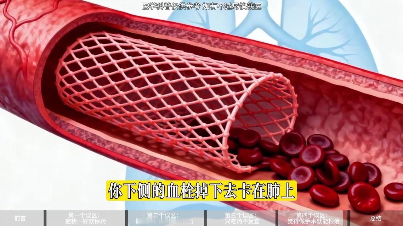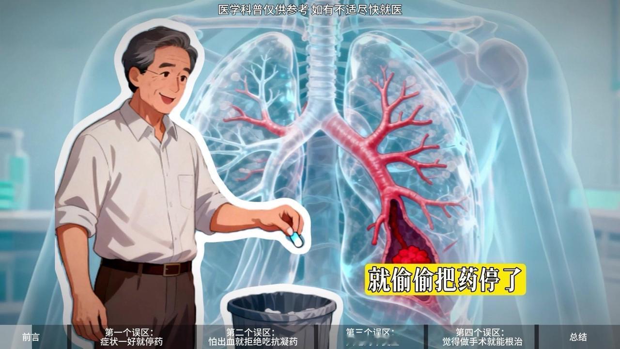 治肺栓塞这些坑别踩!⚠️症状缓解就停药?大错特错!抗凝治疗是核心,至少要持续三个月。反复血栓病史或有高危因素的人,可能需要终身抗凝。血栓溶解慢,症状消了不代表血栓消失,停药会使复发风险大增。 ⚠️怕出血就拒绝用药?别慌!抗凝确实有出血风险,但不抗凝肺栓塞死亡风险更高。规范用药能显著降低死亡率,出血风险可控,医生会根据凝血结果调整方案。 ⚠️只吃药不复查?不行!抗凝期间要密切监测凝血功能,控制INR达标才有效果。INR太低防不住血栓,太高易出血。还需定期复查肺部CT,看血栓溶解情况决定疗程。 ⚠️做了手术就不用吃药?不对!血栓滤网并非万能,仅用于预防下肢血栓脱落堵塞肺部,血栓稳定后需取出。滤网不能解决肺内血栓问题,规范用药才是核心。 划重点:按疗程服药,别怕出血,定期复查,手术不能替代规范用药。
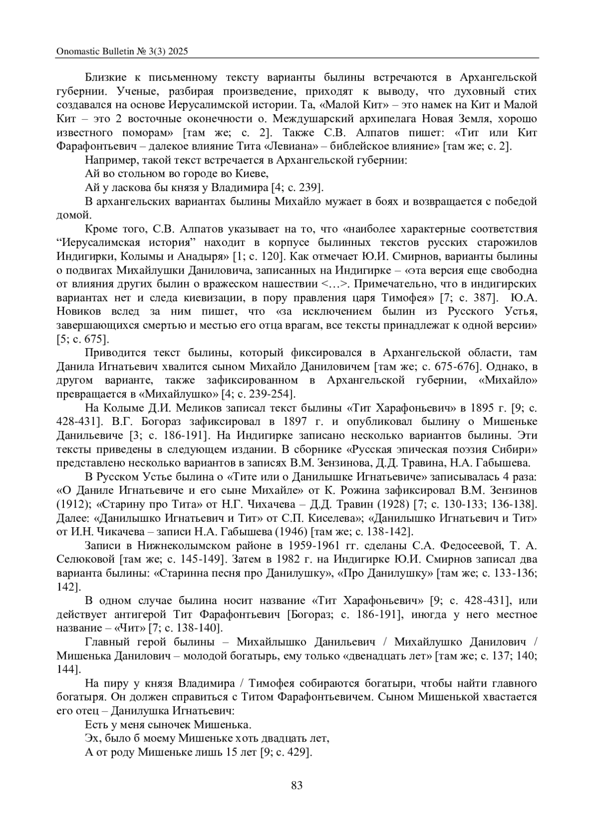 В статье рассматриваются особенности именования былинного образа в двух селах на реках Колыма и Индигирка. Имеются записи вариантов былины с конца XIX в. по 80-е гг. ХХ в. На примере образа богатыря Михайлы Даниловича прослеживается местная специфика, связанная с личным отношением исполнителя к своему герою.
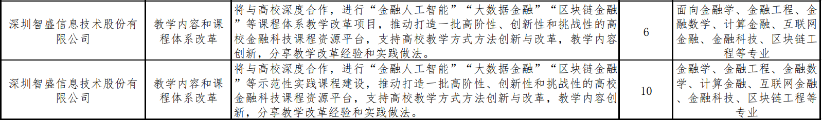 教學(xué)內(nèi)容和課程體系改革項(xiàng)目要圍繞目前產(chǎn)業(yè)的熱點(diǎn)技術(shù)領(lǐng)域,包括區(qū)塊鏈金融、金融大數(shù)據(jù)、金融人工智能等,支持高校在這些領(lǐng)域的課程建設(shè)和教學(xué)改革工作,建成一批高質(zhì)量、可共享的課程教案和教學(xué)改革方案。這些建設(shè)成果將向社會(huì)開(kāi)放,任何高校都可以參考借鑒用于教學(xué)和人才培養(yǎng)目的。
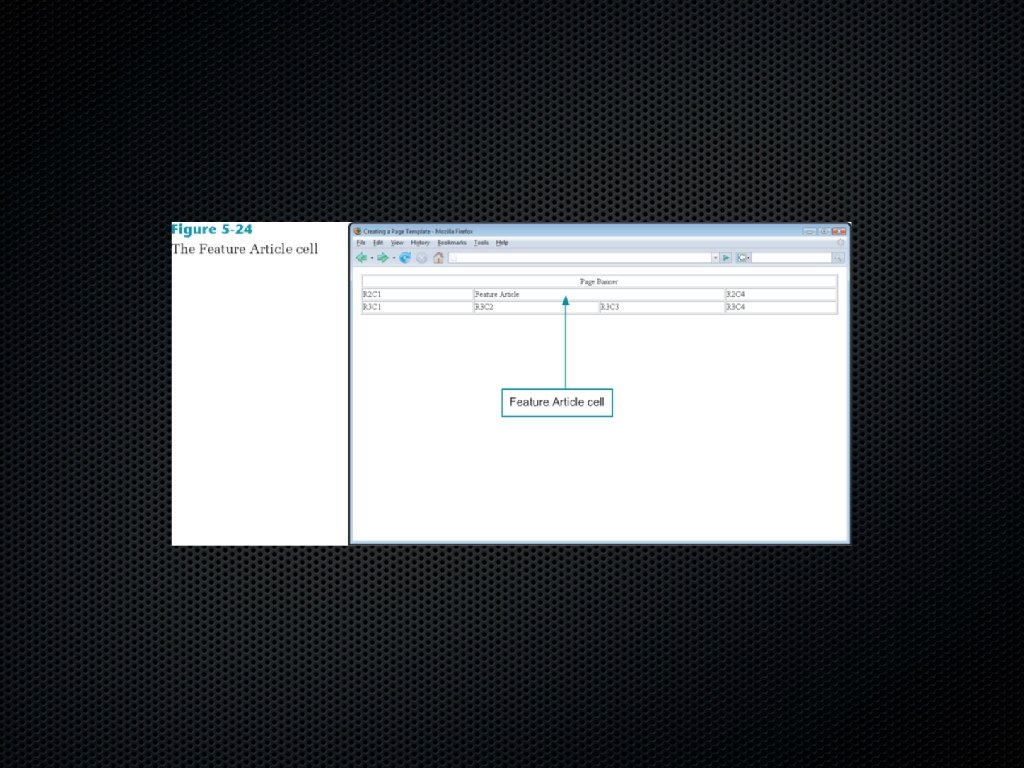 Creating the Feature Article Cell The feature article cell in the layout is R 2 C 2, and spans two columns This column span requires the removal of one cell in row two to make room for the span
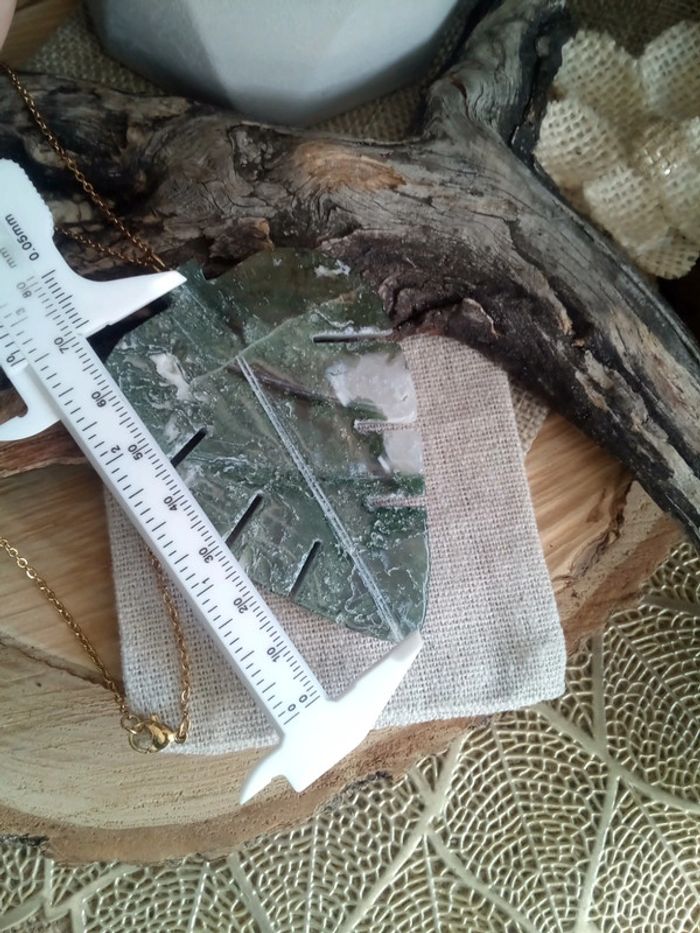 Collier pendentif feuille en pierre naturelle d'agate arbre - photo numéro 3
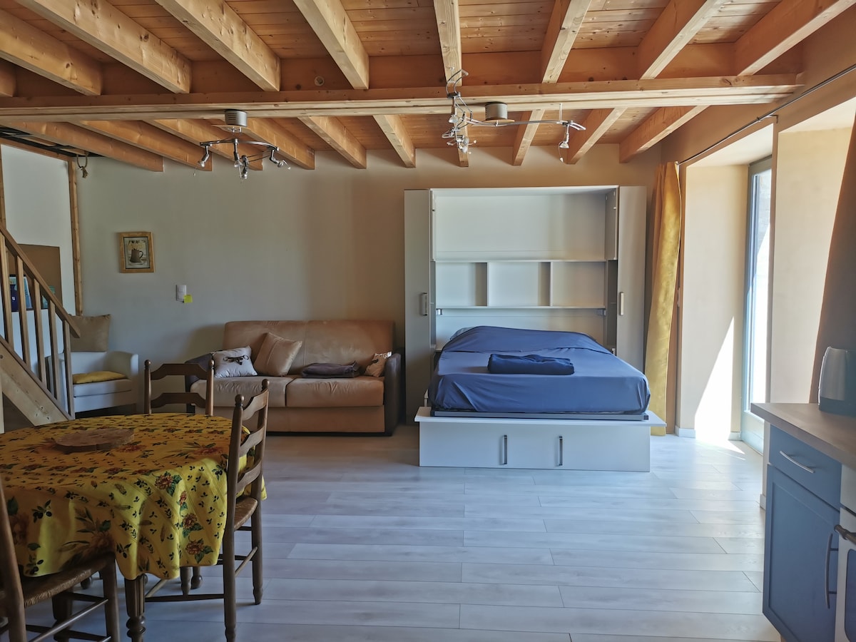 A 8 minutos de la salida A43, entre colegas, amigos o familiares, nuestro granero convertido en estudio independiente en pleno campo con vistas al lago Clair le dará la bienvenida cómodamente para una breve parada o una estancia prolongada. Para 3 a 6 personas, bebés o niños, póngase en contacto con nosotros. Dos camas individuales o una cama doble en el dormitorio. Camas supletorias o cuna en el salón. Acceso al jardín exterior: mesa de pícnic, tumbonas.
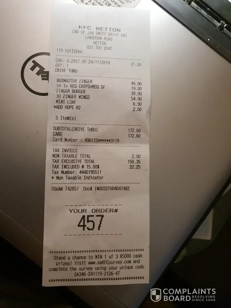 We are disappointed and shocked at the wings we ordered from KFC Wetton drive through
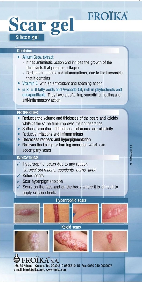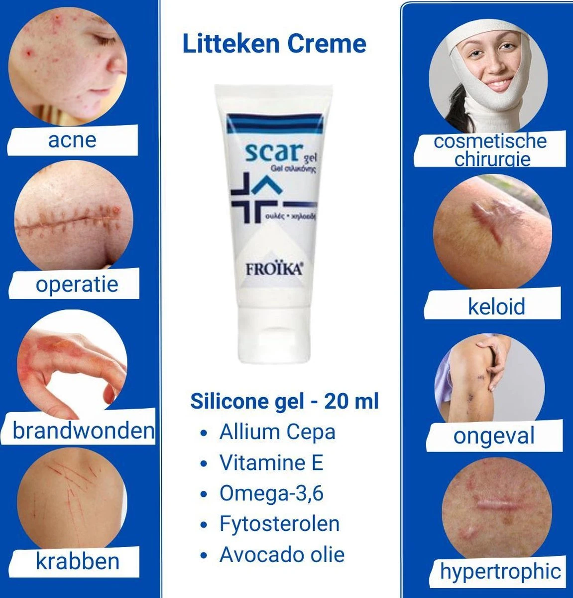 Froika Litteken Crème is een siliconengel die rubberachtige, waterdichte statisch-elektrische laag op de huid vormt die de opeenhoping van collageenvezels op het littekenweefsel ontwricht. Hierdoor wordt het volume en de dikte van littekens verminderd, waardoor littekens minder zichtbaar worden.
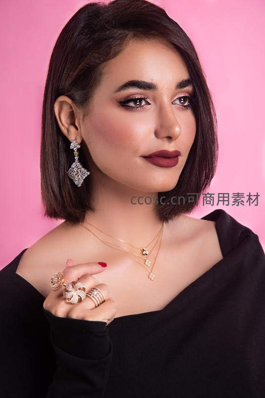 深色短发女性身着黑色上衣,在粉色背景下展示多件精致珠宝,妆容优雅,散发高贵与现代时尚魅力。
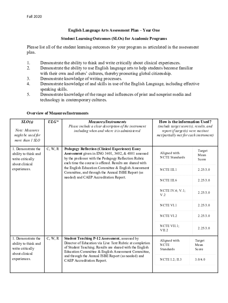 Fall 2020 English Language Arts Assessment Plan Year One Student Learning Outcomes (Los) for Academic ProgramsPlease list all the student learning outcomes for your program as articulated in the assessment
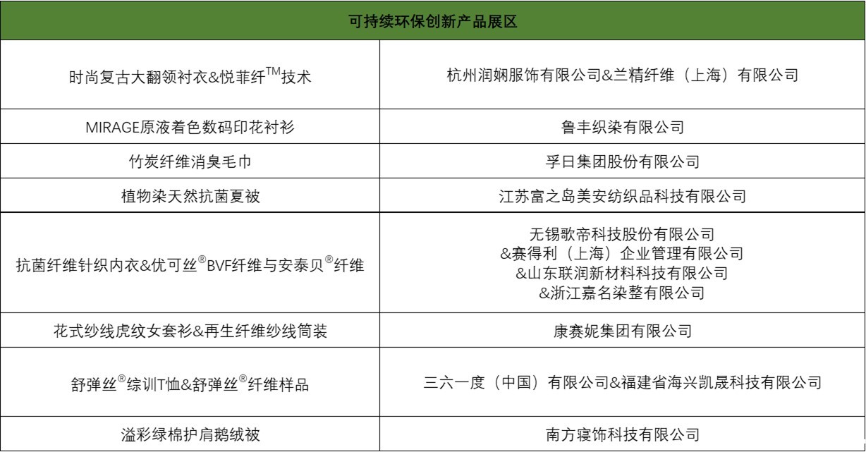 可持续环保创新产品展区:汇聚了兰精集团、赛得利、伊芙丽、361°、孚日家纺、南方寝饰等国内外知名纤维企业、服装和家纺品牌企业的最新生态环保创新产品,搭建上下游企业交流平台,促进产业对接、协作,推动全产业链合作共赢、协同发展。

+ + + + +

PROBLEM STATEMENT >>
Every record above should come back exactly, but without its pictures.

RESULT FOR THIS EXERCISE >>
 治肺栓塞这些坑别踩!⚠️症状缓解就停药?大错特错!抗凝治疗是核心,至少要持续三个月。反复血栓病史或有高危因素的人,可能需要终身抗凝。血栓溶解慢,症状消了不代表血栓消失,停药会使复发风险大增。 ⚠️怕出血就拒绝用药?别慌!抗凝确实有出血风险,但不抗凝肺栓塞死亡风险更高。规范用药能显著降低死亡率,出血风险可控,医生会根据凝血结果调整方案。 ⚠️只吃药不复查?不行!抗凝期间要密切监测凝血功能,控制INR达标才有效果。INR太低防不住血栓,太高易出血。还需定期复查肺部CT,看血栓溶解情况决定疗程。 ⚠️做了手术就不用吃药?不对!血栓滤网并非万能,仅用于预防下肢血栓脱落堵塞肺部,血栓稳定后需取出。滤网不能解决肺内血栓问题,规范用药才是核心。 划重点:按疗程服药,别怕出血,定期复查,手术不能替代规范用药。
 В статье рассматриваются особенности именования былинного образа в двух селах на реках Колыма и Индигирка. Имеются записи вариантов былины с конца XIX в. по 80-е гг. ХХ в. На примере образа богатыря Михайлы Даниловича прослеживается местная специфика, связанная с личным отношением исполнителя к своему герою.
 教學(xué)內(nèi)容和課程體系改革項(xiàng)目要圍繞目前產(chǎn)業(yè)的熱點(diǎn)技術(shù)領(lǐng)域,包括區(qū)塊鏈金融、金融大數(shù)據(jù)、金融人工智能等,支持高校在這些領(lǐng)域的課程建設(shè)和教學(xué)改革工作,建成一批高質(zhì)量、可共享的課程教案和教學(xué)改革方案。這些建設(shè)成果將向社會(huì)開(kāi)放,任何高校都可以參考借鑒用于教學(xué)和人才培養(yǎng)目的。
 Creating the Feature Article Cell The feature article cell in the layout is R 2 C 2, and spans two columns This column span requires the removal of one cell in row two to make room for the span
 Collier pendentif feuille en pierre naturelle d'agate arbre - photo numéro 3
 A 8 minutos de la salida A43, entre colegas, amigos o familiares, nuestro granero convertido en estudio independiente en pleno campo con vistas al lago Clair le dará la bienvenida cómodamente para una breve parada o una estancia prolongada. Para 3 a 6 personas, bebés o niños, póngase en contacto con nosotros. Dos camas individuales o una cama doble en el dormitorio. Camas supletorias o cuna en el salón. Acceso al jardín exterior: mesa de pícnic, tumbonas.
 We are disappointed and shocked at the wings we ordered from KFC Wetton drive through
 Froika Litteken Crème is een siliconengel die rubberachtige, waterdichte statisch-elektrische laag op de huid vormt die de opeenhoping van collageenvezels op het littekenweefsel ontwricht. Hierdoor wordt het volume en de dikte van littekens verminderd, waardoor littekens minder zichtbaar worden.
 深色短发女性身着黑色上衣,在粉色背景下展示多件精致珠宝,妆容优雅,散发高贵与现代时尚魅力。
 Fall 2020 English Language Arts Assessment Plan Year One Student Learning Outcomes (Los) for Academic ProgramsPlease list all the student learning outcomes for your program as articulated in the assessment
 可持续环保创新产品展区:汇聚了兰精集团、赛得利、伊芙丽、361°、孚日家纺、南方寝饰等国内外知名纤维企业、服装和家纺品牌企业的最新生态环保创新产品,搭建上下游企业交流平台,促进产业对接、协作,推动全产业链合作共赢、协同发展。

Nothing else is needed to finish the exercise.